Give the whole listing below once more, exactly, without pictures.

▶ **Data shown**
··········

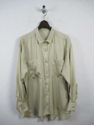 ポリエステルサテン地 ドロップショルダー 小さめの衿 後ろタック有り 手洗い可能
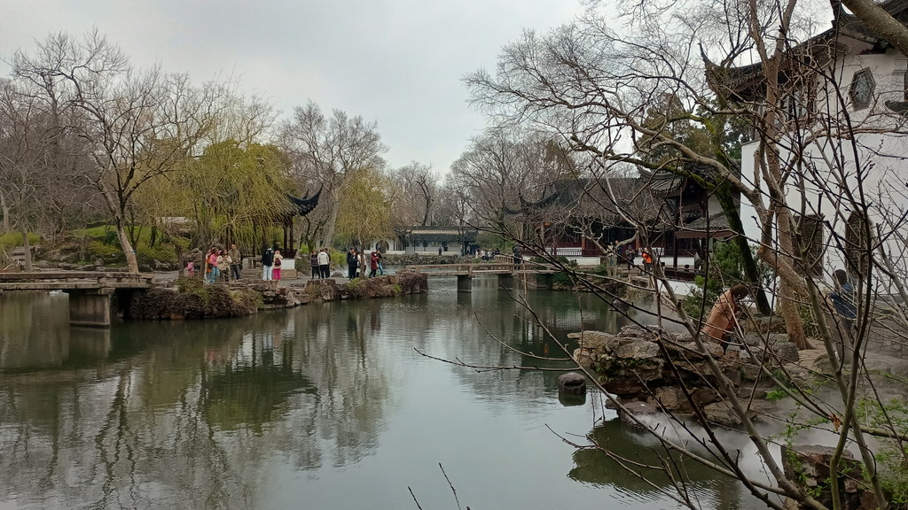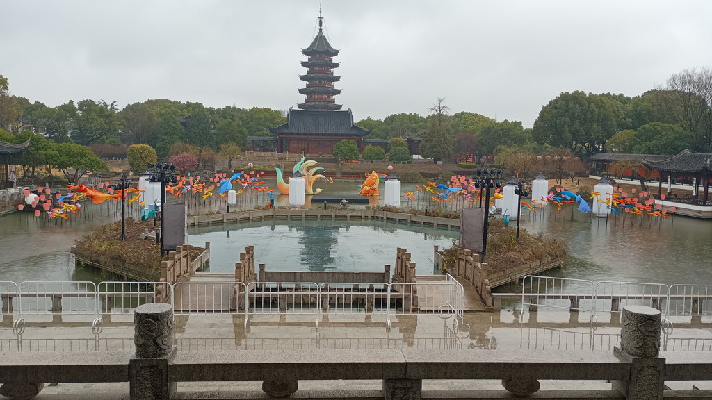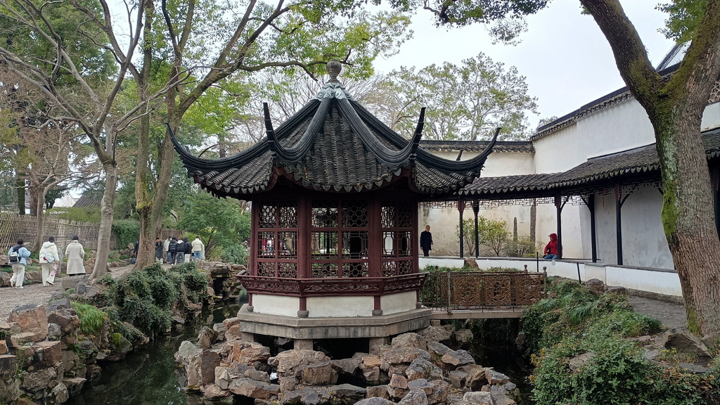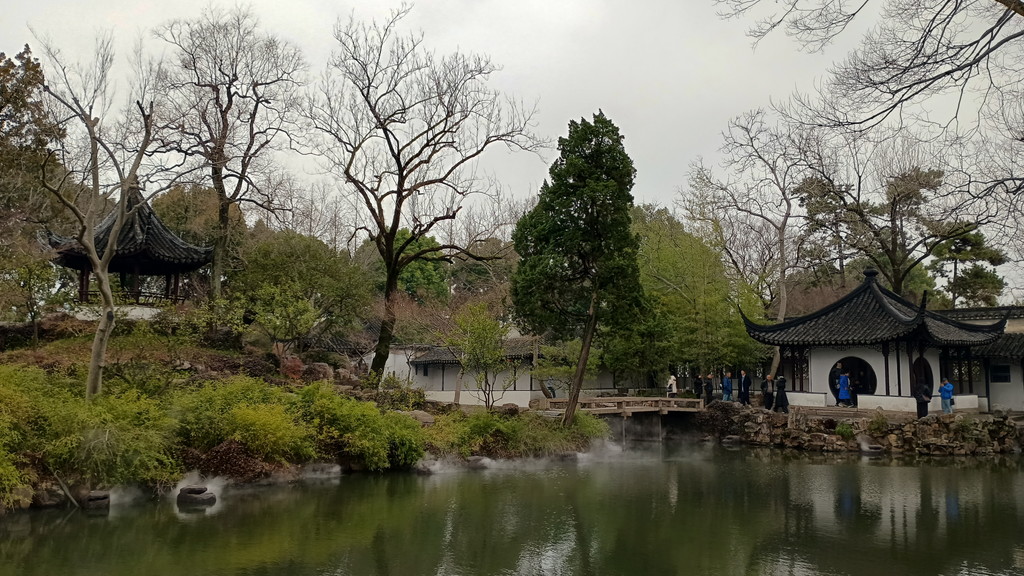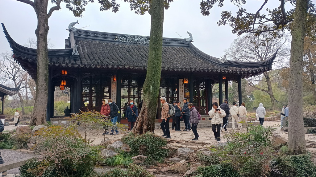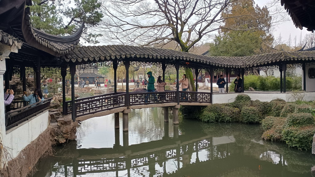 伝統的な庭園が何たるかは全く分かっていませんが、中国歴史ドラマで見たことがあるような建物や曲がりくねった回廊が中央を池を取り囲むように配置されています。この時は、雨も強くなって寒かったのですが、そのおかげか観光客の数も少なく静かな雰囲気の中散策することができました。この後に観光した拙政園などに比べると認知度が低いのか、あちらこちらで見かけた漢服を着た若い方々の姿もありません。
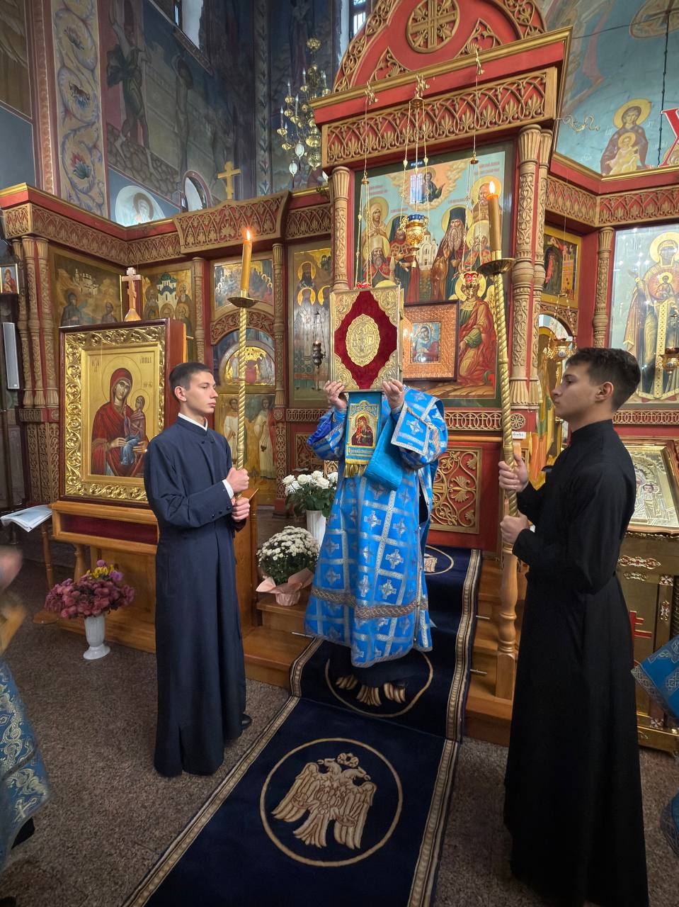 В кафедральном соборе архиерейским чином было совершено последование акафиста пред местночтимым образом Пресвятой Богородицы

··········

▶ **Response to the task**
 ポリエステルサテン地 ドロップショルダー 小さめの衿 後ろタック有り 手洗い可能
 伝統的な庭園が何たるかは全く分かっていませんが、中国歴史ドラマで見たことがあるような建物や曲がりくねった回廊が中央を池を取り囲むように配置されています。この時は、雨も強くなって寒かったのですが、そのおかげか観光客の数も少なく静かな雰囲気の中散策することができました。この後に観光した拙政園などに比べると認知度が低いのか、あちらこちらで見かけた漢服を着た若い方々の姿もありません。
 В кафедральном соборе архиерейским чином было совершено последование акафиста пред местночтимым образом Пресвятой Богородицы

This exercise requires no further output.